As a general rule, it may be said that negligence, in order to render a person liable, need not be the sole cause of an injury. It is sufficient that his negligence, concurring with one or more efficient causes, other than plaintiff's fault, is the proximate cause of the injury. Accordingly, where several causes combine to produce injuries, a person is not relieved from liability because he is responsible for only one of them, it being sufficient that his negligence is an efficient cause, without which the injury would not have resulted, to as great an extent, and that such other cause is not attributable to the person injured. It is no defense to one of the concurrent tort feasors [sic] that the injury would not have resulted from his negligence alone, without the negligence or wrongful acts of the other concurrent tort feasor [sic].

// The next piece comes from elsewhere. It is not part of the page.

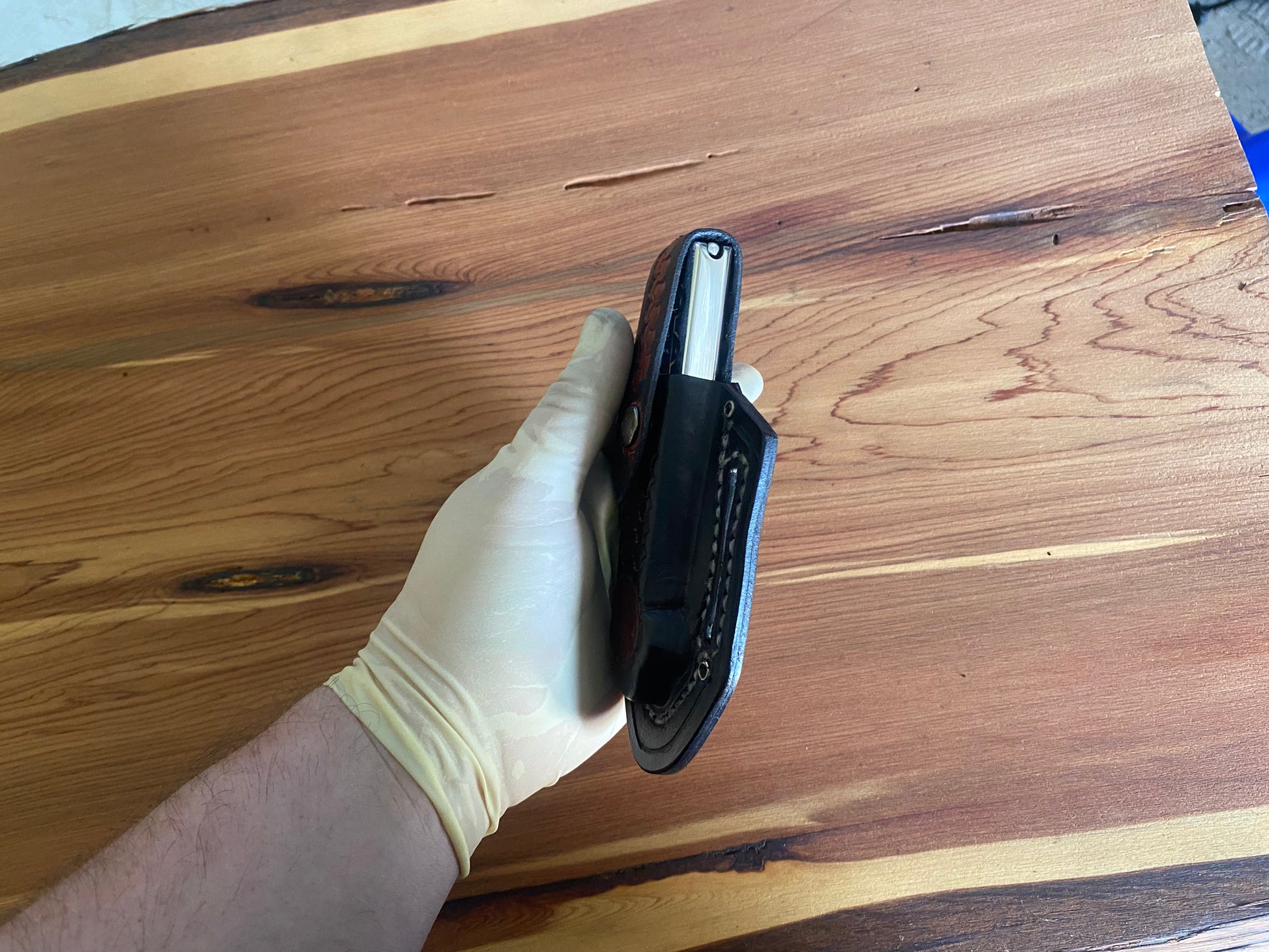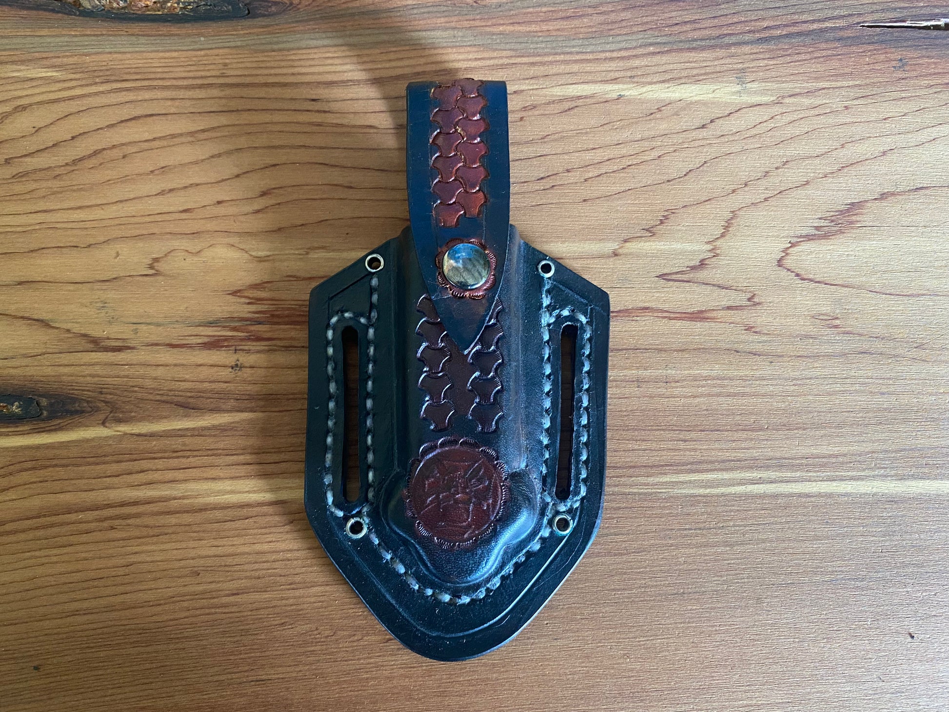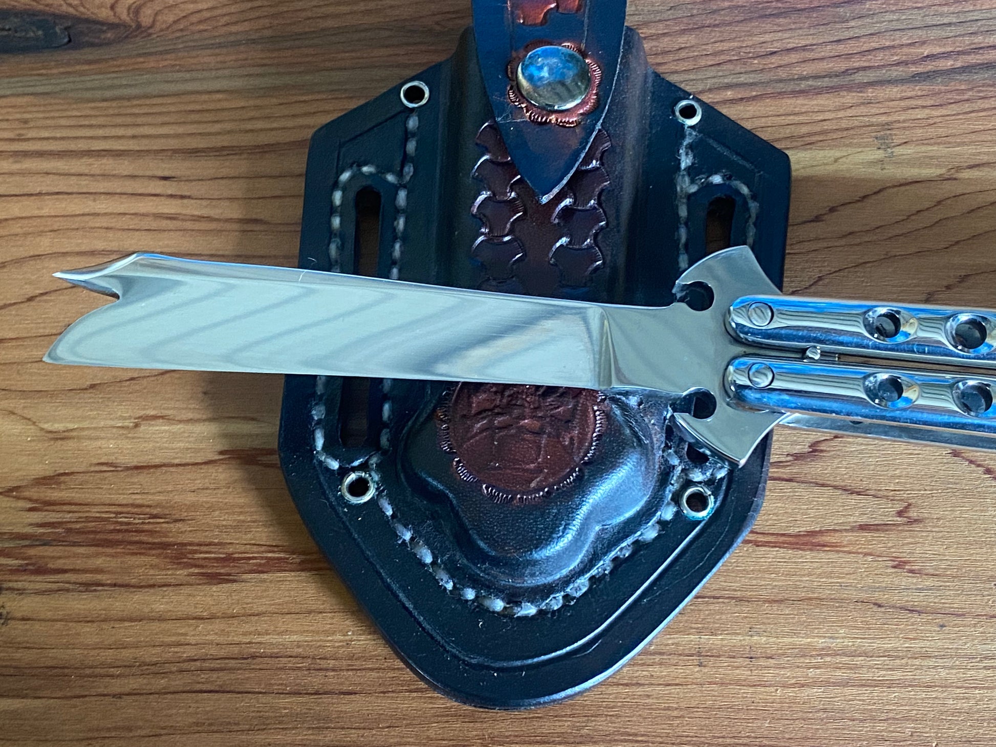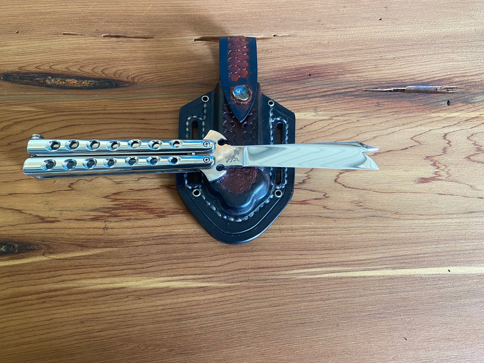 So what we have here is a beautiful Matt Cook Pinoy Butterfly Knife. This knife is in fantastic unused condition. The sheath that comes with this blade is the original made by the same Matt Cook and it is also in fantastic condition. Please be sure to look at all the photos carefully as they are part of the description.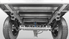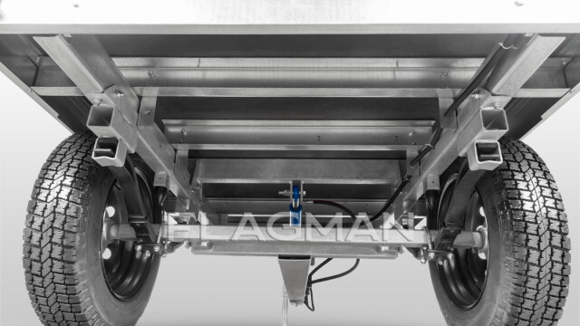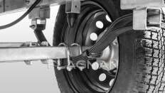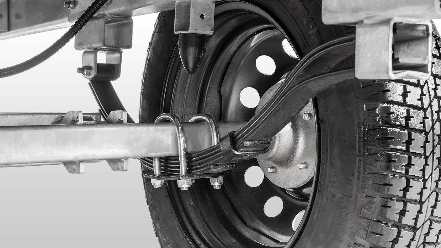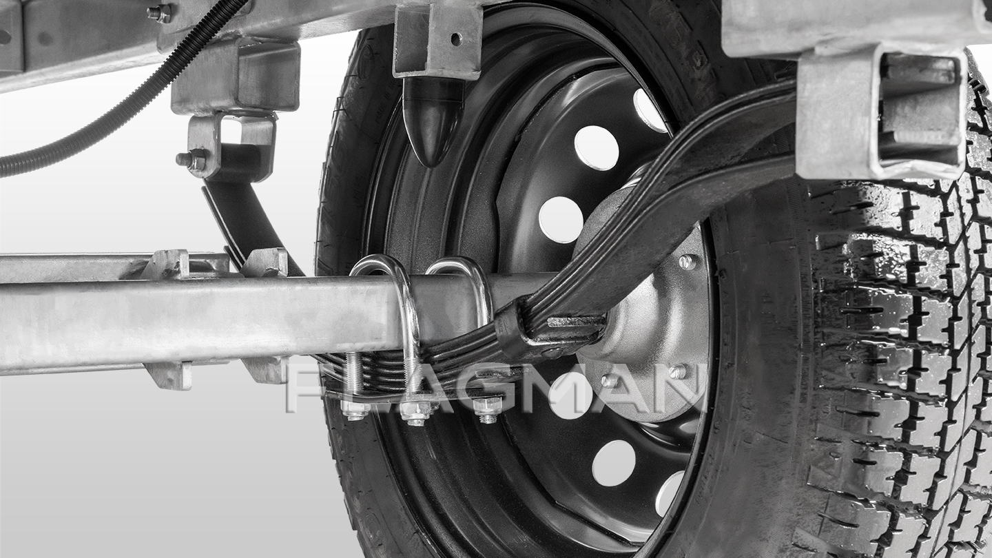 Подвеска прицепа выполнена на основе листовых рессор переменного сечения. Благодаря прогрессивной упругой характеристике подвеска эффективно гасит вибрации, повышая комфорт и стабильность при движении. Резиновый отбойник ограничивает ход подвески предотвращая касание колеса о дно кузова.

Id., quoting 65 C.J.S. 675, Negligence, Para. 110a. When there is more than one possible proximate cause of an injury, brought about by the negligence of more than one party, the purposes of the applicable rules best would be served by a single trial.

Despite his defense that Kiddy's damages flowed solely from the other physician's actions, Dr. Lipscomb asserted in his motion that he would be prejudiced by Dr. Chepko's involvement in the case. Under the circumstances, however, it would appear that retaining Dr. Chepko as a party would have been more advantageous than prejudicial to Dr. Lipscomb.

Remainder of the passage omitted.